Assumptions To Check¶

linearity — plot each feature against the residuals; any trend means the model shape is wrong, not the data
independent errors — in time series, neighboring residuals correlate; use a sequential split and see Sequential Splits and Lag Features
constant variance — the residual cloud should not fan out; if it does, try log-transforming the target
low collinearity — look at variance inflation factors (VIF); high VIF means unstable coefficients

What To Inspect¶

r2_score on the validation split, alongside MAE for a unit-interpretable error
the residual plot — should look like noise, not a shape
the largest residuals — one or two outliers can swing OLS
the coefficient table — signs and magnitudes must survive a stakeholder read
whether Ridge or Lasso changes the story materially
whether a nonlinear feature (a log, a ratio) fixes the residual pattern before you jump to a new model

Failure Pattern¶

Treating r2_score as a single verdict. A 0.85 R² on a training set that looks curved in the residual plot is a worse result than a 0.78 R² with residuals that look like noise — because the second one is honest about what the model captured.

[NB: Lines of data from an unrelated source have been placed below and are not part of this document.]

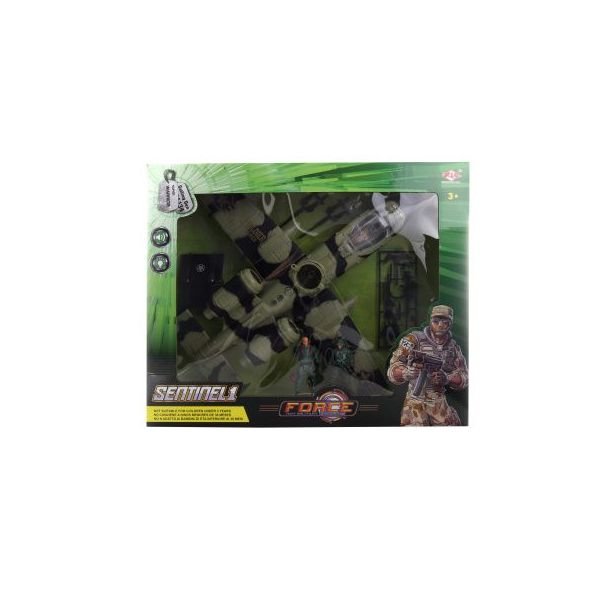 Vojenská sada s velkým letadlem. Letadlo svítí a vydává zvuky. Napájení na 2 AA baterie (nejsou součástí). Součástí balení jsou také 2 vojáčci a zbraně. Rozměry balení cca 50,5 x 42 x 14 cm. Věk 3+ przeczytaj całość
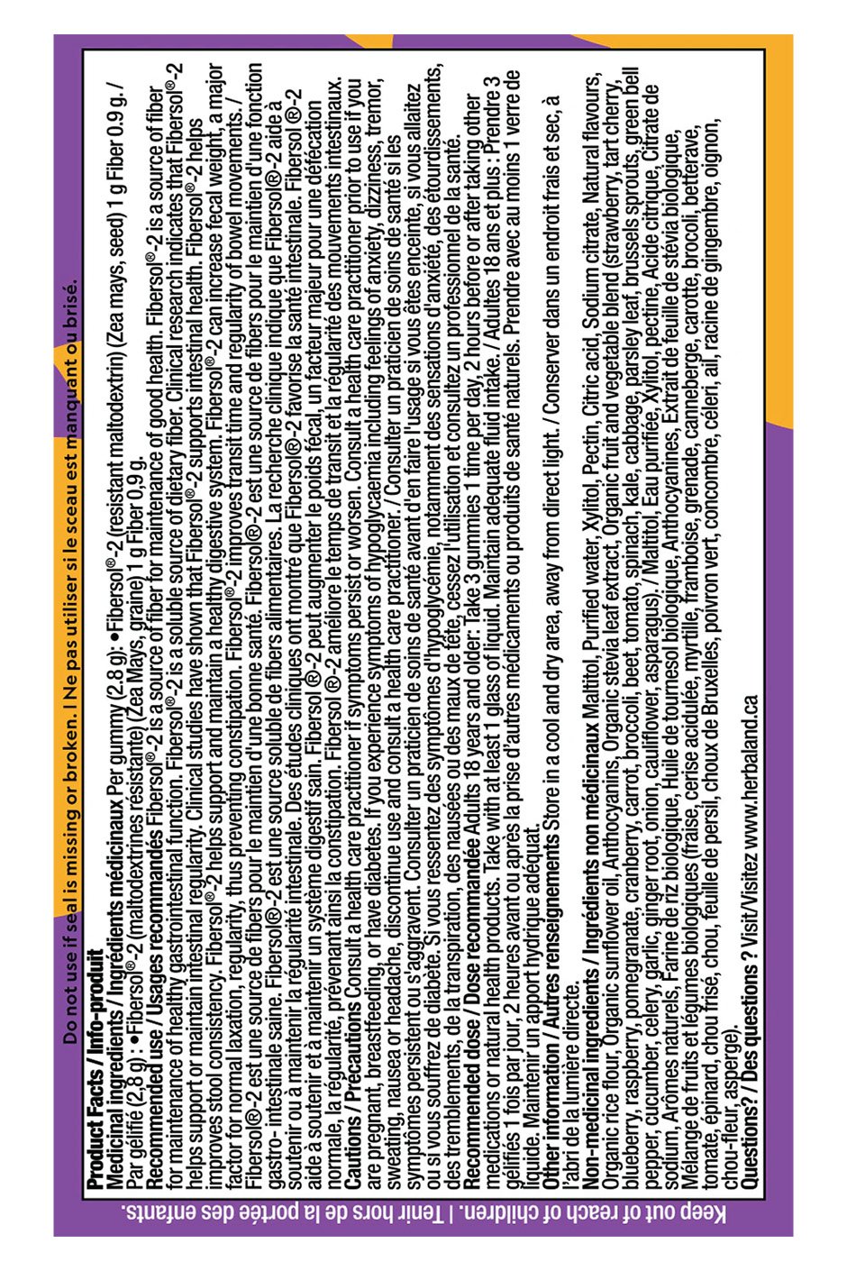Non-medicinal ingredients: Maltitol, Purified water, Xylitol, Pectin, Citric acid, Sodium citrate, Natural flavours, Organic rice flour, Organic sunflower oil, Anthocyanins, Organic stevia leaf extract, Organic fruit and vegetable blend (strawberry, tart cherry, blueberry, raspberry, pomegranate, cranberry, carrot, broccoli, beet, tomato, spinach, kale, cabbage, parsley leaf, brussels sprouts, green bell pepper, cucumber, celery, garlic, ginger root, onion, cauliflower, asparagus)
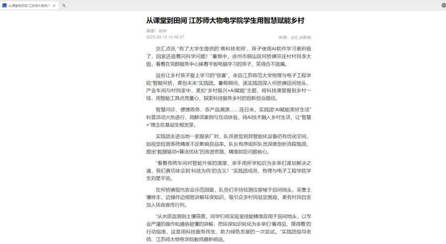 從課堂到田間 江蘇師大物電學(xué)院學(xué)生用智慧賦能鄉(xiāng)村

A second failure pattern is letting one outlier drive the coefficient. Squared loss weights large errors quadratically, so a single point in the corner can tilt the line.

A third failure pattern is reading coefficients when features are highly correlated. With collinearity, the coefficient you see is a consequence of which features happen to enter the design matrix, not a stable statement about the world.

Quick Checks¶

Is the residual plot a cloud or a shape?
Is scaling in the pipeline?
Do the coefficients change by an order of magnitude when you add or drop a correlated feature?
Does Ridge improve validation error, or is the baseline fine?
Are the largest residuals concentrated in one slice of the data?

Practice¶

Fit a linear regression to a synthetic y = 2x + noise and read the coefficient.
Compare LinearRegression, Ridge(alpha=1), and Lasso(alpha=0.1) on the same split.
Add a redundant feature (a copy of an existing column) and watch what happens to the OLS coefficient.
Log-transform a right-skewed target and compare residual plots before and after.
Explain one case where Lasso's zero coefficients are a feature and one case where they are a bug.
Explain why OLS fails when columns are linearly dependent.
Describe one residual pattern that signals the model shape is wrong.
Explain when you prefer Ridge over Lasso.
State one situation where MAE is a better error metric than MSE.
Explain why scaling matters for regularized linear models but not for plain OLS.

Longer Connection¶

Linear regression sits next to:

Regression Metrics and Diagnostics — how to read the error numbers honestly
Feature Selection — Lasso as a selection lens
Logistic Regression — the classification sibling with the same linear-decision-surface intuition
Learning Curves and Bias-Variance — where underfitting shows itself for linear models

Linear regression is a diagnostic instrument first and a predictor second. Its real job is to tell you whether the problem is linear, noisy, or outright wrong before you spend compute on bigger models.